Archive for » June, 2013 «

@ “My distress is all in my head” – Alfred

See (1) to know about Alfred.

Practices

I am continuously refining both my routine and working on improving my concentration and mindfulness.  I still look forward to each morning session and have not missed a day yet.  

Ideas

Some people can really get under my skin. They annoy me beyond reason. I get caught up in a cycle of bad thinking about them; analyzing why they say such annoying things, thinking up rebuttals to their comments, and dreading our next interaction. I realize intellectually that no one is perfect and that I should be tolerant but I also feel resentful for the way they disturb my peace.

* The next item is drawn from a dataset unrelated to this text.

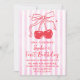 Pink Bow Fruit Sweet Cherry First Birthday Inbjudningar

What if I was in a daily car pool with a person who was very flatulent?
It occurred to me as I meditated that, if I was in a daily car pool with a person who was very flatulent it would similarly annoy me. I would end up feeling angry at the person and would dread the daily car ride. What could be done in this situation to minimize its bad effect on me? My meditative voice told me that 90% of the distress from this situation is all in my head. The ill effects would include dreading the trip before it started, the anger and resentment I would feel during the trip, and the residual effects of these emotions after the trip was over. If I could overcome these ill effects the only problem remaining would be the bad odor. During the trip I could mitigate that effect by opening a window. I also could bring something nice smelling which I could sniff when the odor became strong. Best of all I could take great solace in the fact that I am healthy, that I do not suffer this flatulence and that soon the trip would be over and I would have fresh air in my lungs again.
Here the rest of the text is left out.